Em Cornerstone, a sua primeira e mais emblemática canção, expele todas as frustrações e ressentimentos, com uma força brutal que fascina, mas em Adios discorre sobre a saída de Londres, assumindo as escolhas, sem culpar a família, amigos ou contexto social. “Tendemos a arranjar desculpas, o que acaba por constituir um sintoma de fraqueza. Difícil é adoptar as nossas escolhas sem quaisquer justificações”, reflecte.  

Ao piano, ou quando canta, tem gestualidade teatral, impondo tensão dramática e o exacerbamento das emoções, embora diga que se limita a ser ele próprio.
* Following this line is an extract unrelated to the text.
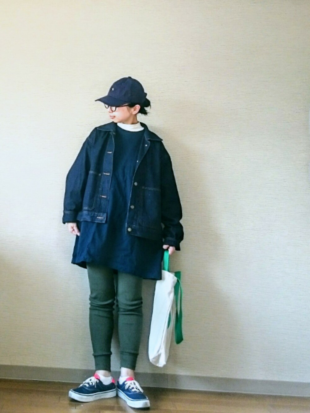 おはようございます☺ ネイビーとグリーン系とキナリ ユニクロU のデニムジャケットはやっぱ形カワイイです🙆

Quando lhe perguntam porque opta por cantar descalço limita-se a dizer que é dessa forma que o faz em casa, como se quisesse que o piano fosse uma extensão de si próprio.

Em cena quer sentir-se o mais possível em casa. “Esse contacto directo deixa-me mais livre para exprimir a minha personalidade, sem afectações”, declarou recentemente à revista Les Inrockuptibles, assumindo que não quer ser visto como uma personagem. Alega que quer ser ele de corpo inteiro, argumentando que se pudesse, para o explicitar de forma inequívoca, entraria desnudado em palco, mas as canções chegam para nos devolverem Clementine, a nu.